Though it hasn’t quite broken the traditional security paradigm, mobility’s done a decent enough job warping it out of shape. Today’s security teams have to defend against far more than the odd intrusion attack or malicious app. Security perimeters have dissolved, and threat surfaces have broadened significantly.
This means that in today’s landscape, there are multiple levels at which your organization can be compromised – you need to layer defense at each one.
1) Network Level – Borders have their Limitations
Network-level security comprises mostly everything on the ‘traditional’ security front – firewalls, authentication, and network encryption, to name a few. These tools are still essential to securing your enterprise; new threats such as spearphishing attacks and unsecure file sharing don’t negate old-fashioned ones like traffic flooding or buffer overflows.
At the same time, network controls on their own aren’t sufficient. A firewall may keep an attacker out, but it can’t protect files outside its perimeter. Encryption may protect network communications from intrusion, but it doesn’t stop a careless employee from forwarding an email to someone who shouldn’t be reading it.
2) Device Level – Attackable and Hackable
In addition to network-level security, device-level security is one layer that most security teams already cover. Passwords, full-drive encryption, and device containers are all incorporated into most user devices to one degree or another. Microsoft’s BitLocker, for example, allows the user to harden an entire drive against intrusion, while Samsung KNOX allows the creation of a separate work and personal profile, walling corporate data off from private.
As with network-level controls, device security is necessary, but it also shouldn’t be your only line of defense. Hard disk encryption can be broken, passwords and PINs can be cracked. And device-level controls aren’t always reliable, either – they vary by device and manufacturer.
Finally, we’ve got security controls at the file-level – and here’s where BlackBerry Workspaces, formerly known as WatchDox, comes in. Even if an attacker somehow manages to crack a device or make it into your network; even if a negligent employee shares documents with someone they shouldn’t, file security represents a second layer of defense. It ensures that even if your critical files leave the firewall and wind up in the hands of a third party, you never lose control of them.
It achieves this in several key ways:
Files are protected by end-to-end encryption at-rest, in-transit, on-server, or on-device.
Through BlackBerry Workspaces’ digital rights management, administrators have control over whether a user can access, view, edit, copy, print, download, or forward a sensitive file. Permissions can be changed at any time.

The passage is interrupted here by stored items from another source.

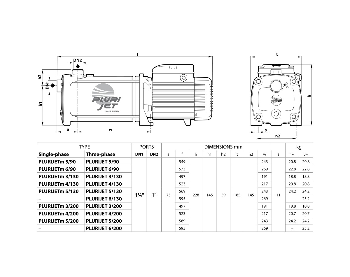 Самовсасывающие насосы PLURIJET рекомендуются для перекачивания чистой воды, даже при содержании в ней повышенного количества воздуха, и жидкостей, химически неагрессивных по отношению к конструкционным материалам насоса.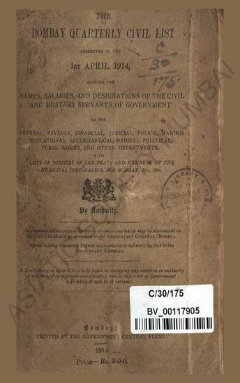 | Subject | : | India-Bombay, Civil Services, Asia-India. |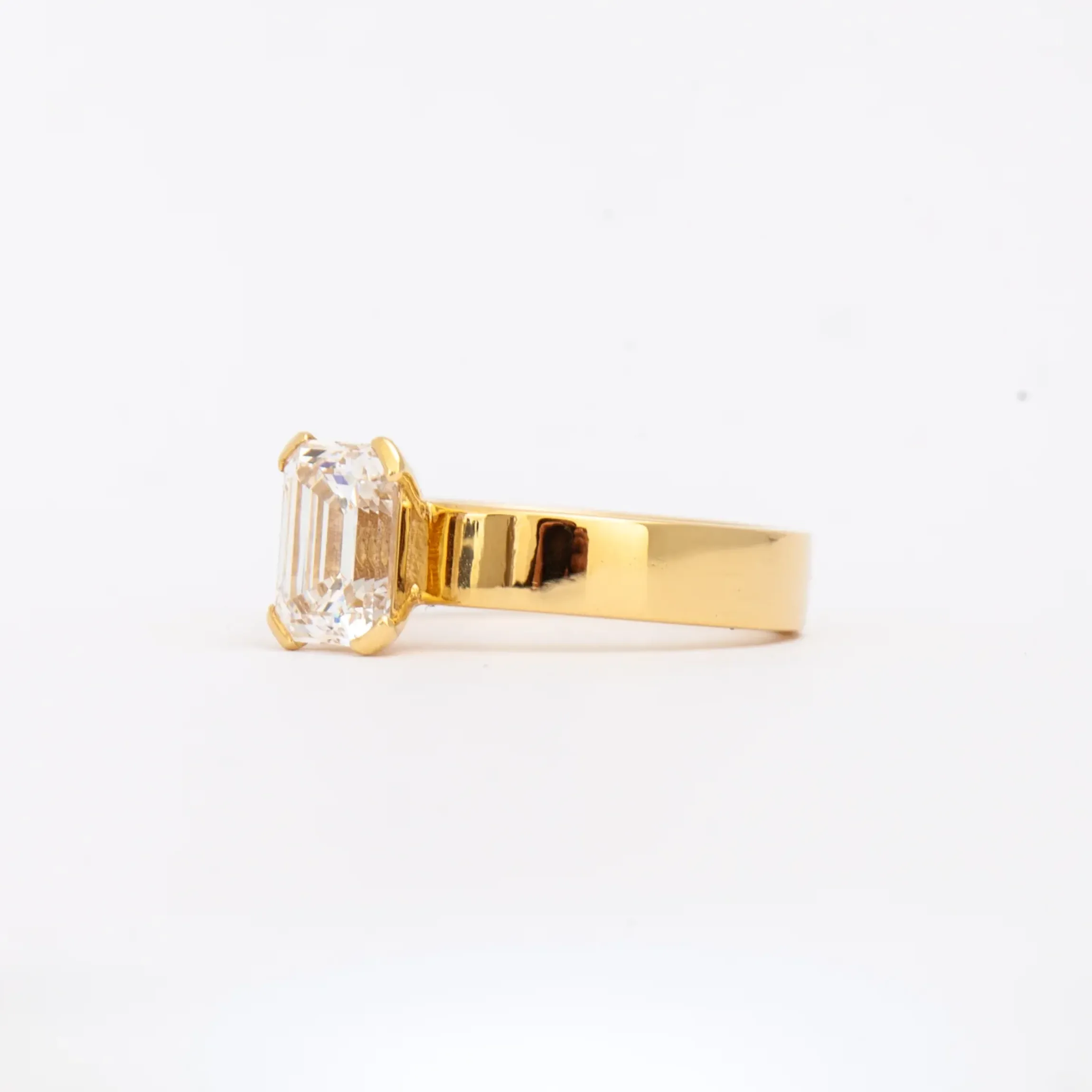 18 karat yellow gold set with a 1.57 carat lab-grown GCAL certified emerald cut white diamond (F/VS1).

With Email Protector, email attachments sent through your server can automatically be wrapped in BlackBerry Workspaces’ DRM, protecting against both accidental and malicious sharing via email.
Customized watermarks, timed expiration, and file tracking deter bad actors within your organization.
A spotlight viewer which blurs the screen everywhere but the mouse pointer protects against theft via screen capturing.
Encryption can be broken – and if encryption’s all you rely on, if you’ve no secondary protections, that means your data is at risk. With a multi-tiered approach to security, you can protect yourself at every layer. You can encrypt the hard drive and network communications, place apps within the secure Good container, and place files within BlackBerry Workspaces.